# For anyone wondering about using a DeWalt DW611 in a table (pics)



## Duane Bledsoe (Jan 6, 2013)

Thought I'd take this lazy afternoon and put up a few pics showing the potential for using a DW611 in a table. These are strong little routers for being a palm size at 1-1/4 HP. I once had a 1-1/2 HP in a portable table and it was nice. I enjoyed that so much that I've regretted selling it even though I ended up with a larger DeWalt DW618 in the large Kreg router table. So I'm going to make another one using this little router and it will be for portable use, for small parts shaping, and any job that it's capable of handling which is quite surprising in range. Why do I need this? Maybe I already have a bit in the bigger table set up for something and don't want to change it. What's handier than a router table in a workshop? Two router tables! This one is a good choice due to having available dust collection attachment (doesn't come with it but I purchased it). 

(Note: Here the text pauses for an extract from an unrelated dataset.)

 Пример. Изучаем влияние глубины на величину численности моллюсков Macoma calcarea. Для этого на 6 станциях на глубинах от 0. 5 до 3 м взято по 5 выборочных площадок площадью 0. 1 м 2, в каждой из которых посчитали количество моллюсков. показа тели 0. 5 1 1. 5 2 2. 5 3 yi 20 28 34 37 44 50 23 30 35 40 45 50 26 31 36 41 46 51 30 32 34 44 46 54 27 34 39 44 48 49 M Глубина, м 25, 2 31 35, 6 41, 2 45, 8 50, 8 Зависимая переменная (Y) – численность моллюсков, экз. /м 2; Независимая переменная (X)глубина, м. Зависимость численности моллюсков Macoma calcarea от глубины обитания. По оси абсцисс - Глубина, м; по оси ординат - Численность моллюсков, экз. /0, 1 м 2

To keep things simple and super cheap I am not planning to use a plate insert. I'm just going to fasten the base directly to the plywood. I could route a recess into the bottom side of the 3/4 plywood top to give me maximum bit height, but if theres any worry that thinning the plywood with the recess may cause the mount screws to pull through (depending on material density, or maybe I just worry too much), you do not have to do that with the DW611. The chuck will extend high enough to make that unnecessary. Its necessary to remove the router from its base for bit changes anyway due to the collet having only one place for a wrench and the motor lock button being concealed inside the base, so theres really no need to have it come up any higher.

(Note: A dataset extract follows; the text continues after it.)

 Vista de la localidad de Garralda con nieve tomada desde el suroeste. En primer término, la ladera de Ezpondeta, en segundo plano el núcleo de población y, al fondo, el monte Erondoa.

For these pics I have used my shortest shank 1/4 sized bit. This will give you an idea of just how much shank is still left inside the collet and still allow for maximum cutter use on the bit. All other 1/4 bits I have all have shanks even longer by 1/8 to 1/4 inch, so that's even better. The bit I used as an example has more than 3/4 inch of shank still in the collet, 13/16 actually. As you can see, routing a recess under the table is not needed so that makes mounting this router to a shop made table as simple as drilling 4 mount screw holes and a bit clearance hole. By the way, that hole pattern is 2-13/32 on center from screw to screw all the way around. Mark the 4 holes and then check for square measuring corner to corner (close to 3-3/8) and make a couple of diagonal lines forming an X through the center and you'll know exactly where to drill the bit clearance hole. 1-3/8 or 1-1/2 bit hole is plenty for this little routers abilities. You'll have to pick up some longer screws for the base and I'm sure they're metric. I haven't gotten that far yet. 

Pics below! I'll get started on mine soon and show a finished product when it's done.


----------



## DesertRatTom (Jul 3, 2012)

I have a Colt, and I really like using it freehand and use it more than I thought I would. so managable if you don't over do it.


----------